Records contained in a dataset:
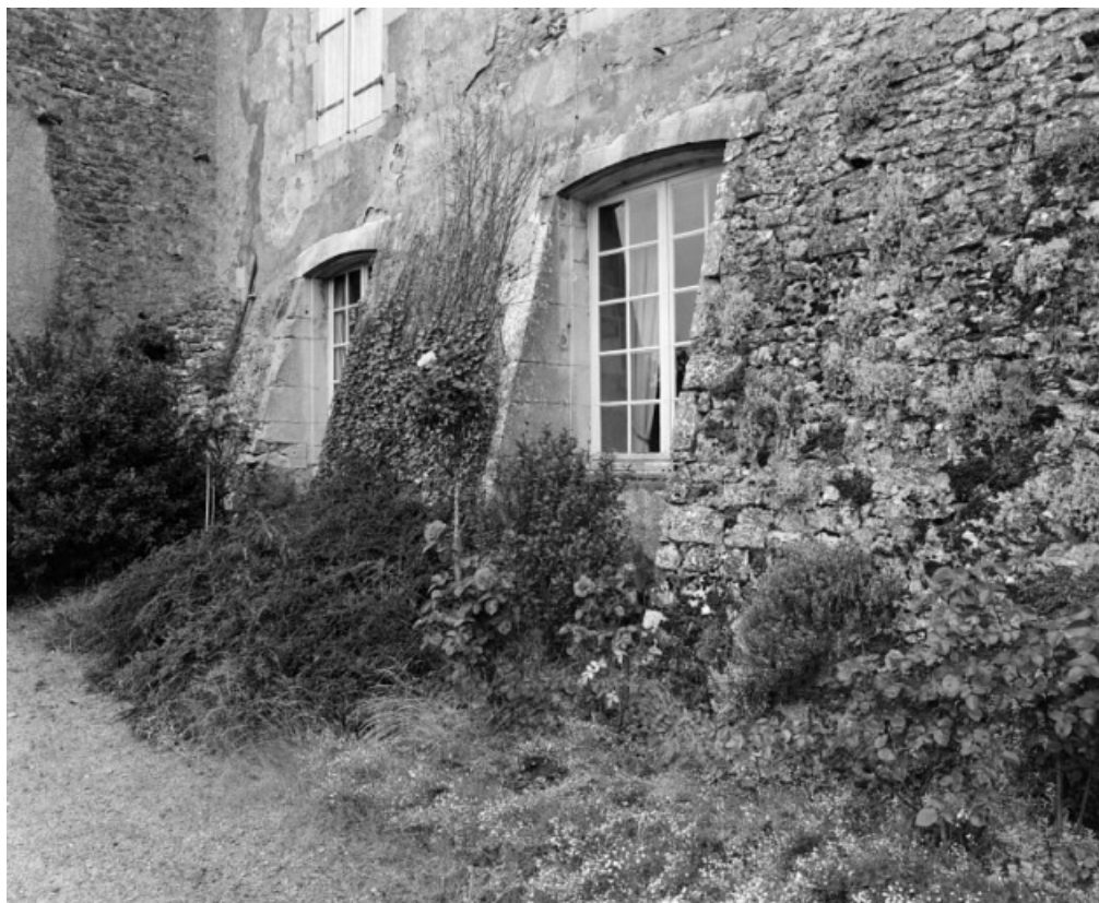
Bâtiment sud-ouest. Elévation antérieure, détail.
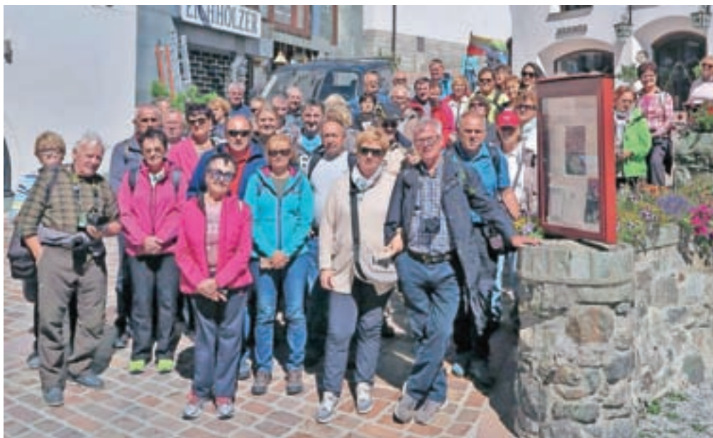
Druga skupina je imela več sreče z vremenom v St. Moritzu.

Tisti, ki smo se prvi dan odpeljali proti Benetkam, Veroni, mimo Gardskega jezera do Brescie, kjer smo zapustili avtocesto, smo pravzaprav popotovanje začeli ob slikovitem jezeru Iseo ali Sebinu, šestem največjem italijanskem jezeru. Nekaj smo izvedeli tudi o Montisoli, največjem evropskem jezerskem otoku na njem; samo jezero predstavlja stičišče alpskega severa in mediteranskega juga. Blaga klima je omogočala naselitev ljudstev že v prazgodovini, na kar kažejo številni ostanki gradov, cerkva, samostanov, meščanskih vil in palač. Vasica Iseo je izjemno slikovita. Potem smo se odpeljali do mesteca Sulzano. Izvedeli smo tudi za zanimiv, poseben, skoraj umetniški projekt izpred dveh let, ki je trajal ali bil razstavljen dobra dva tedna: plavajoči, pontonski pomol Sulzano – Monte Isola. Sledila je vožnja ob jezeru in po dolini
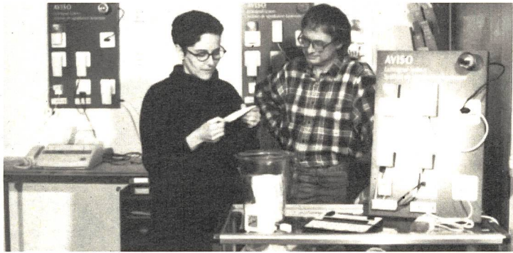
Der spannendste Moment! Sekunden später ist die Hauptgewinnerin bekannt.

Seit 15 Jahren entwickelt und produziert die Genossenschaft Hörgeschädigten-Elektronik in Wald elektronische Hilfsmittel für Hörgeschädigte. Das Jubiläumsjahr 94 war Anlass für diverse Aktionen, so zum Beispiel für einen Tag der offenen Tür. Zum Jahresende konnten Kundinnen und Kunden an einem Wettbewerb teilnehmen, der im Brief aus Wald
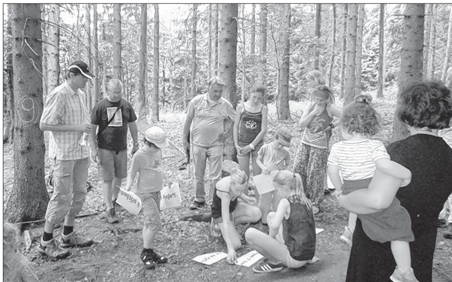
Swoje wjeselo mějachu wšitcy při dyrdomdejskej hrě wo rubježnych ryčerjach.

Čornoboha pochadžeštaj. Zhromadnje potom jeju krasne lětnje kěrlušy zanjesechmy.
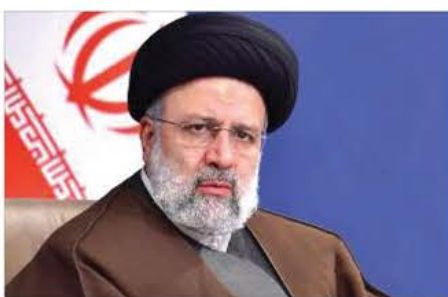
وزارتخانههای آموزش و پرورش، علوم، تحقیقات و فناوری و بنیاد شهید و امور ایثارگران نیز در این جلسه مطرح و مورد تبادل نظر قرار گرفت.

سید ابراهیم رئیسی بعد از ظهر شنبه در ششمین جلسه شورای عالی اشتغال در دولت سیزدهم، با تاکید بر اجرای به موقع قوانین مصوب مربوط به اشتغال از سوی دستگاههای مرتبط، آسیبشناسی وزارتخانههای کم کار در ایجاد اشتغال را خواستار شد. رئیسی با بیان اینکه اعتبارات شرط لازم برای ایجاد اشتغال است.
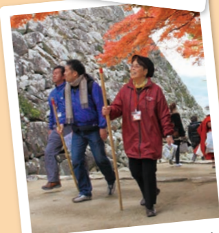
急な石段も何のその!

約40年前に建てられた彦根城は、国宝に指定されている天守や美しい庭園など、見どころがたつぷり。お客様、スタッフでおしゃべりを楽しみながら散策しました。
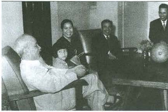
Chủ tịch Hồ Chí Minh tiếp phái đoàn thường trực Mặt trận Dân tộc giải phóng miền Nam Việt Nam tại Phủ Chủ tịch, Hà Nội, ngày 20/12/1966.

Nam yêu quý luôn ở trong trái tim tôi ". Dưới sự lãnh đạo, cổ vũ của Đảng và Chủ tịch Hồ Chí Minh, dưới ngọn cờ đoàn kết cứu nước của Mặt trận Dân tộc Giải phóng miền Nam Việt Nam, nhân dân ta ở miền Nam đã giành được những thắng lợi to lớn. Cách mạng miền Nam từ khởi nghĩa từng phần, phát triển thành chiến tranh cách mạng, kết hợp đấu tranh vũ trang với đấu tranh chính trị, nổi dậy với tiến công trên cả ba vùng chiến lược, tiến công địch bằng cả ba mũi: chính trị, quân sự và binh vận, phá vỡ quốc sách áp chiến lược của chúng, dẫn tới chiến thắng Ấp Bắc (01/1963), báo hiệu phá sản tất yếu chiến lược " Chiến tranh đặc biệt " của đế quốc Mỹ. Phong trào đấu tranh chính trị trong các đô thị, nhất là ở Sài Gòn, Huế, Đà Nẵng cũng ngày một dâng cao, đã đẩy đế quốc Mỹ vào tình thế "tiến thoái lưỡng nan". Hoạt động của Mặt trận dựa trên mục tiêu và nguyên tắc đoàn kết rộng rãi mọi giai cấp, dân tộc, tôn giáo, lực lượng xã hội và cá nhân yêu nước nhằm mục tiêu giải phóng miền Nam, thống nhất Tổ quốc. Trong lời phát biểu tại Kỳ họp thứ 6 Quốc hội Khóa II (08/5/1963), Chủ tịch Hồ Chí Minh nêu rõ: " Đoàn kết chặt chẽ chung quanh Mặt trận Dân tộc giải phóng miền Nam, đồng bào miền Nam không phân biệt gái, trai, già, trẻ; không
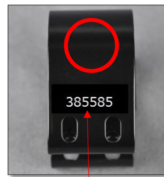
対策済みクランプ 385585 の記載あり

自主回収発表と同時に十分な代替品をご用意できないことを深くお詫びすると共に、何卒ご理解のほどお願い申し上げます。
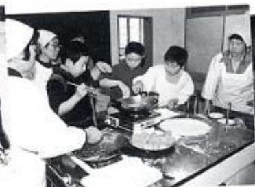
親子料理教室 学校が休みの日、親子で力を合わせて料理を作って食べました。お味はいかがでしたか？
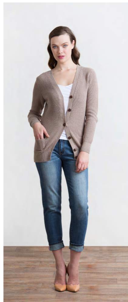
Кардиган: 1330,- Джинсы: 1080,-

ДЖИНСЫ: 414-W088-PJ1 Цвета: синий Состав: 100% хлопок Размеры: XS, S, M, L, XL
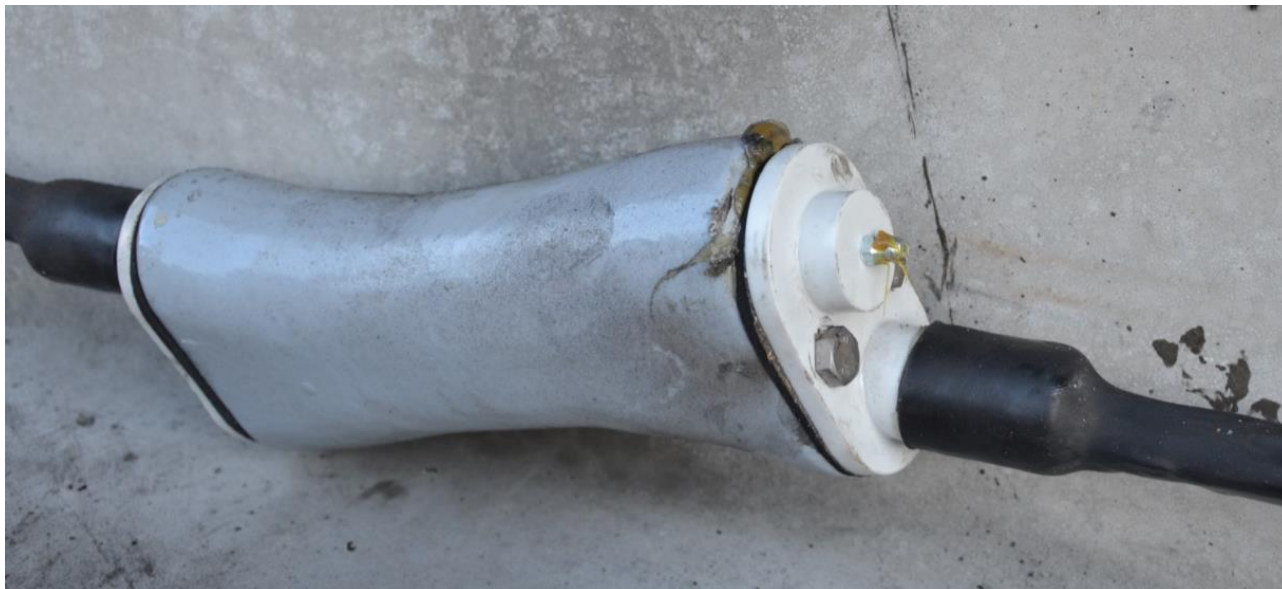
Figur 4 viser billede af Dywidag lås.

En beskadiget line eller en rusten lås kan forårsage utætheder, i værste fald sprængning af beholderen.
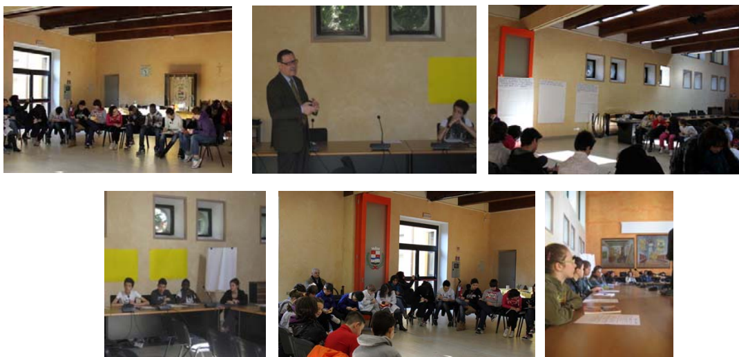
Alcuni momenti di lavoro del CCR per la definizione del documento di intenti per il futuro Consiglio Comunale dei Ragazzi

A seguito delle attività svolte i consiglieri del CCR hanno quindi elaborato un documento di intenti che raccoglie idee e spunti di lavoro per il futuro Consiglio Comunale dei Ragazzi.
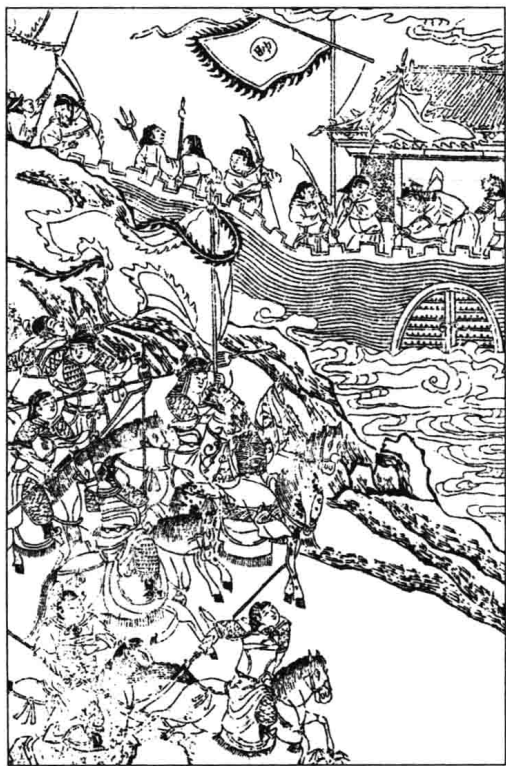
—— 楚汉争霸 ——

例如，项羽是个争霸的失败者，但司马迁却认为项羽是一个可歌可泣的悲剧英雄。《史记》中，司马迁详细记述了项羽的伟业，字里行间饱含热情和强烈的爱。但对于项羽残暴、刚愎自用的致命弱点，司马迁也进行了深刻的批判。又如，虽然司马迁十分愤恨先秦的法家和秦代的暴政，但他做到了不因憎而增其恶。相反，他

PROMPT:
Omit all pictures while transcribing the entries verbatim.

OUTPUT BELOW:
Bâtiment sud-ouest. Elévation antérieure, détail.
Druga skupina je imela več sreče z vremenom v St. Moritzu.

Tisti, ki smo se prvi dan odpeljali proti Benetkam, Veroni, mimo Gardskega jezera do Brescie, kjer smo zapustili avtocesto, smo pravzaprav popotovanje začeli ob slikovitem jezeru Iseo ali Sebinu, šestem največjem italijanskem jezeru. Nekaj smo izvedeli tudi o Montisoli, največjem evropskem jezerskem otoku na njem; samo jezero predstavlja stičišče alpskega severa in mediteranskega juga. Blaga klima je omogočala naselitev ljudstev že v prazgodovini, na kar kažejo številni ostanki gradov, cerkva, samostanov, meščanskih vil in palač. Vasica Iseo je izjemno slikovita. Potem smo se odpeljali do mesteca Sulzano. Izvedeli smo tudi za zanimiv, poseben, skoraj umetniški projekt izpred dveh let, ki je trajal ali bil razstavljen dobra dva tedna: plavajoči, pontonski pomol Sulzano – Monte Isola. Sledila je vožnja ob jezeru in po dolini
Der spannendste Moment! Sekunden später ist die Hauptgewinnerin bekannt.

Seit 15 Jahren entwickelt und produziert die Genossenschaft Hörgeschädigten-Elektronik in Wald elektronische Hilfsmittel für Hörgeschädigte. Das Jubiläumsjahr 94 war Anlass für diverse Aktionen, so zum Beispiel für einen Tag der offenen Tür. Zum Jahresende konnten Kundinnen und Kunden an einem Wettbewerb teilnehmen, der im Brief aus Wald
Swoje wjeselo mějachu wšitcy při dyrdomdejskej hrě wo rubježnych ryčerjach.

Čornoboha pochadžeštaj. Zhromadnje potom jeju krasne lětnje kěrlušy zanjesechmy.
وزارتخانههای آموزش و پرورش، علوم، تحقیقات و فناوری و بنیاد شهید و امور ایثارگران نیز در این جلسه مطرح و مورد تبادل نظر قرار گرفت.

سید ابراهیم رئیسی بعد از ظهر شنبه در ششمین جلسه شورای عالی اشتغال در دولت سیزدهم، با تاکید بر اجرای به موقع قوانین مصوب مربوط به اشتغال از سوی دستگاههای مرتبط، آسیبشناسی وزارتخانههای کم کار در ایجاد اشتغال را خواستار شد. رئیسی با بیان اینکه اعتبارات شرط لازم برای ایجاد اشتغال است.
急な石段も何のその!

約40年前に建てられた彦根城は、国宝に指定されている天守や美しい庭園など、見どころがたつぷり。お客様、スタッフでおしゃべりを楽しみながら散策しました。
Chủ tịch Hồ Chí Minh tiếp phái đoàn thường trực Mặt trận Dân tộc giải phóng miền Nam Việt Nam tại Phủ Chủ tịch, Hà Nội, ngày 20/12/1966.

Nam yêu quý luôn ở trong trái tim tôi ". Dưới sự lãnh đạo, cổ vũ của Đảng và Chủ tịch Hồ Chí Minh, dưới ngọn cờ đoàn kết cứu nước của Mặt trận Dân tộc Giải phóng miền Nam Việt Nam, nhân dân ta ở miền Nam đã giành được những thắng lợi to lớn. Cách mạng miền Nam từ khởi nghĩa từng phần, phát triển thành chiến tranh cách mạng, kết hợp đấu tranh vũ trang với đấu tranh chính trị, nổi dậy với tiến công trên cả ba vùng chiến lược, tiến công địch bằng cả ba mũi: chính trị, quân sự và binh vận, phá vỡ quốc sách áp chiến lược của chúng, dẫn tới chiến thắng Ấp Bắc (01/1963), báo hiệu phá sản tất yếu chiến lược " Chiến tranh đặc biệt " của đế quốc Mỹ. Phong trào đấu tranh chính trị trong các đô thị, nhất là ở Sài Gòn, Huế, Đà Nẵng cũng ngày một dâng cao, đã đẩy đế quốc Mỹ vào tình thế "tiến thoái lưỡng nan". Hoạt động của Mặt trận dựa trên mục tiêu và nguyên tắc đoàn kết rộng rãi mọi giai cấp, dân tộc, tôn giáo, lực lượng xã hội và cá nhân yêu nước nhằm mục tiêu giải phóng miền Nam, thống nhất Tổ quốc. Trong lời phát biểu tại Kỳ họp thứ 6 Quốc hội Khóa II (08/5/1963), Chủ tịch Hồ Chí Minh nêu rõ: " Đoàn kết chặt chẽ chung quanh Mặt trận Dân tộc giải phóng miền Nam, đồng bào miền Nam không phân biệt gái, trai, già, trẻ; không
対策済みクランプ 385585 の記載あり

自主回収発表と同時に十分な代替品をご用意できないことを深くお詫びすると共に、何卒ご理解のほどお願い申し上げます。
親子料理教室 学校が休みの日、親子で力を合わせて料理を作って食べました。お味はいかがでしたか？
Кардиган: 1330,- Джинсы: 1080,-

ДЖИНСЫ: 414-W088-PJ1 Цвета: синий Состав: 100% хлопок Размеры: XS, S, M, L, XL
Figur 4 viser billede af Dywidag lås.

En beskadiget line eller en rusten lås kan forårsage utætheder, i værste fald sprængning af beholderen.
Alcuni momenti di lavoro del CCR per la definizione del documento di intenti per il futuro Consiglio Comunale dei Ragazzi

A seguito delle attività svolte i consiglieri del CCR hanno quindi elaborato un documento di intenti che raccoglie idee e spunti di lavoro per il futuro Consiglio Comunale dei Ragazzi.
—— 楚汉争霸 ——

例如，项羽是个争霸的失败者，但司马迁却认为项羽是一个可歌可泣的悲剧英雄。《史记》中，司马迁详细记述了项羽的伟业，字里行间饱含热情和强烈的爱。但对于项羽残暴、刚愎自用的致命弱点，司马迁也进行了深刻的批判。又如，虽然司马迁十分愤恨先秦的法家和秦代的暴政，但他做到了不因憎而增其恶。相反，他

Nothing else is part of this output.